The laser beam incident window 110 is not particularly limited as long as it can transmit a pulsed laser beam, and it is needless to say that a high transmittance and a thin one are preferable. Examples of the laser beam incident window 110 include crystal pieces made of synthetic sapphire (Al ₂ O ₃ ), synthetic quartz (SiO ₂ ), and the like.

  The laser beam splitter 120 is not particularly limited as long as it can reflect a pulsed laser beam and transmit an auxiliary laser beam. Examples of the laser beam splitter 120 include an optical base material (for example, BK7) having a dielectric multilayer film on the surface, a dichroic mirror, and the like.

  The laser beam detection means 121 is not particularly limited as long as it can detect the incident angle of the laser beam incident on the X-ray generation unit 100. Examples of the laser beam detection means 121 include a combination of a convex lens and a laser beam position sensor.

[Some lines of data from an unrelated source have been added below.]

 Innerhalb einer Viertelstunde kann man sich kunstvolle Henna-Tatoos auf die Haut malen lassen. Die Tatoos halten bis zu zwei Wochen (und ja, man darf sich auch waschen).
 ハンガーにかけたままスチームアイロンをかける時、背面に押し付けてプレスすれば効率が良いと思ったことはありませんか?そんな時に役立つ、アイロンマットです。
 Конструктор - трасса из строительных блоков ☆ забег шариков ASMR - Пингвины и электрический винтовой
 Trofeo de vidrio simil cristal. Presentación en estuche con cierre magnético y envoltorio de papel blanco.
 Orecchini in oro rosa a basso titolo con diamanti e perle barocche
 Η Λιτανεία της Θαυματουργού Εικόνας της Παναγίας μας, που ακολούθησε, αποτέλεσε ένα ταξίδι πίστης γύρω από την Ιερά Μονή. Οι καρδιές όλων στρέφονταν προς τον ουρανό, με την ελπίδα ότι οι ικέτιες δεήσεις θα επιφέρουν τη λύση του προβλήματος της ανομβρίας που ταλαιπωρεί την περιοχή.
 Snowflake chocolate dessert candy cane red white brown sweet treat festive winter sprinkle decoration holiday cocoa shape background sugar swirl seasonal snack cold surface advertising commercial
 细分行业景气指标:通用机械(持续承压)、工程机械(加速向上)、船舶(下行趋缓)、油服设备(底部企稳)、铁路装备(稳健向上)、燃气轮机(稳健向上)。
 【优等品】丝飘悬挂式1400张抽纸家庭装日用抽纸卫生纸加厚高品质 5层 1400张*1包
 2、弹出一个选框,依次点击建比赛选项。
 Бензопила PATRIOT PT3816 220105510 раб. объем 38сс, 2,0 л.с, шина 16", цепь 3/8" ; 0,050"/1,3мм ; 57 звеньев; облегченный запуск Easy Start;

  The X-ray exit window 190 is not particularly limited as long as it can transmit the generated high energy X-rays and can be emitted to the outside of the X-ray generation unit 100. However, the X-ray exit window 190 is composed of atoms having a small atomic number. Particularly preferred are those made of Al, plastic, quartz or the like. Further, by configuring the X-ray exit window 190 with a metal such as Al or an opaque plastic, it is possible to further shield the laser beam leaking from the X-ray exit window. Needless to say, the X-ray exit window 190 is preferably thin.

The vacuum chamber 101 is not particularly limited as long as it does not break or change its shape even if the internal atmospheric pressure decreases, but it is preferable that the internal pressure can be reduced to 10 ⁻² mbar or less.

  Next, in the X-ray generation unit 100 shown in FIG. 5, based on the data obtained from the X-ray detection unit 160, the mirror surface 131 of the deformable mirror 130 generates high energy X-rays using a genetic algorithm. A method for optimizing the combination of voltages applied to the electrodes 132 so as to form a smooth mirror surface 131 will be described. Hereinafter, in order to simplify the description, it is assumed that the deformable mirror 130 uses nine electrodes.

  The genetic algorithm used in the present embodiment is one of optimization methods that mathematically imitates that living organisms are evolving with increasing environmental adaptability while repeating spider, chromosome mating or mutation.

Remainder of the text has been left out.